Azure Document Intelligence is a cloud-based AI service in Microsoft Foundry that uses OCR and deep learning models to extract text, key-value pairs, selection marks, and tables from documents.
OCR captures document structure by creating bounding boxes around detected objects in an image. The locations of the bounding boxes are recorded as coordinates in relation to the rest of the page. Azure Document Intelligence returns bounding box data and other information in a structured JSON format that preserves the relationships from the original document.
To build a high-accuracy document extraction model from scratch requires deep learning expertise, large amounts of compute, and long training times. Azure Document Intelligence provides underlying models already trained on thousands of form examples, so you can achieve high-accuracy data extraction with minimal effort.
Document Intelligence service components
Azure Document Intelligence is composed of three categories of models:
Document analysis models: Extract text, structure, tables, and selection marks from documents. The read model extracts text and detects languages, while the layout model adds table and structure extraction. You'll explore these models in detail in the Use prebuilt models unit.
Prebuilt models: Extract information from common document types — such as invoices, receipts, tax forms, ID documents, and more — without any training required. You'll see the full list of available prebuilt models in the Use prebuilt models unit.
Custom models: Extract data from forms specific to your business using your own labeled datasets. Options include custom template models (fast and cost-effective for fixed layouts), custom neural models (higher accuracy for varying layouts), composed models, and custom classifiers. You'll learn about training and using custom models in the Train and use custom models unit.
Access Document Intelligence services
You can access Azure Document Intelligence in several ways:
- REST API: Call the service directly using HTTP requests.
- Client library SDKs: Use SDKs for Python, C#, Java, and JavaScript.
- Document Intelligence Studio: An online tool for visually exploring, testing, and building Document Intelligence solutions.
- Microsoft Foundry portal: Integrate Document Intelligence with other Foundry tools.
Tip
This module's exercise focuses on the Python SDK. The underlying REST services can be used by any language.
Create a Document Intelligence resource
To use Azure Document Intelligence, you need an Azure resource. You can use either:
- A Foundry resource: A multi-service subscription that provides access to multiple AI services under a single endpoint and key.
- An Azure Document Intelligence resource: A single-service resource used only with Document Intelligence.
Note
Create a Foundry resource if you plan to access multiple Foundry tools under a single endpoint and key.

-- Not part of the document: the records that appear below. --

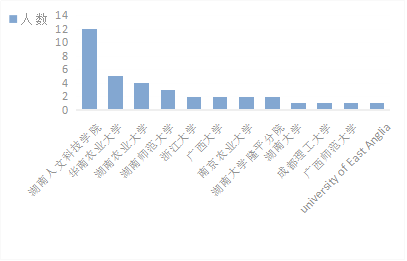 近三年来35人考上研究生。录取学校如图1所示。专任教师指导学生参加各种学科竞赛活动,并获得湖南省互联网+大学生创新创业大赛一等奖1项,全国大学生生命科学创新创业大赛一等奖2项,国家级大学生创新创业训练计划项目10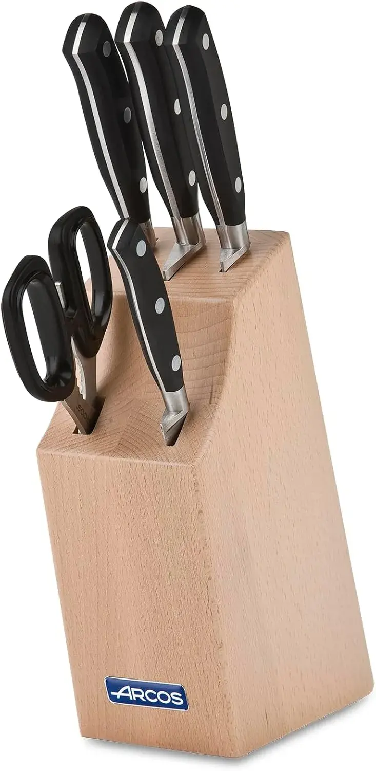 Этот кухонный набор Riviera из 4 предметов с деревянным блоком от Arcos включает в себя 4 ножа Riviera и качественные кухонные ножницы. Кухонный набор Riviera включает все необходимые принадлежности, чтобы облегчить приготовление ваших любимых блюд. Он имеет деревянный блок, который может вмещать 4 ножа Riviera, и комплекта кухонных ножниц. Кроме того, он имеет дизайн цвета дерева, что придаст деревенский и элегантный вид любой кухне.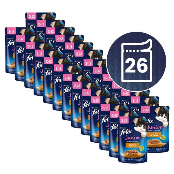 FELIX® Fantastic Junior je linija neodoljivih hrane koja izgleda, miriše i ima okus tako ukusno kao jelo koje biste sami skuhali! Svaka receptura, napravljena od kvalitetnih sastojaka, sadrži nježne komadiće u želeu, kako bi se vaše mačiće moglo dobro ugristi u ukusnu hranu! Mačići trebaju posebnu prehranu tijekom prve godine svog života. Stoga je svaka receptura posebno dizajnirana kako bi pokrila 100 % dnevnih potreba vašeg mačića. Puna je proteina i vitamina koji pomažu u rastu jakih mišića, kostiju i zuba za sretnu i nestašnu odraslu mačku! Pogledajte upute za hranjenje. To nije sve! FELIX Fantastic Junior dostupan je u cijelom nizu ukusnih receptura u sočnom želeu, kako bi svaki dan zadovoljio ljubav vašeg mačića prema raznolikosti. Stvarno imaju tako dobar okus kao što izgledaju! FELIX je jednostavno neodoljiv!

For Document Intelligence access only, create a dedicated Document Intelligence resource.
Input requirements
Azure Document Intelligence works on input documents that meet these requirements:
- Format must be JPEG, PNG, BMP, PDF (text or scanned), or TIFF. The read model also accepts Microsoft Office file formats.
- File size must be less than 500 MB for the standard tier and 4 MB for the free tier.
- Image dimensions must be between 50 x 50 pixels and 10,000 x 10,000 pixels.
- PDF documents must have dimensions less than 17 x 17 inches (A3 paper size).
- PDF documents must not be password-protected.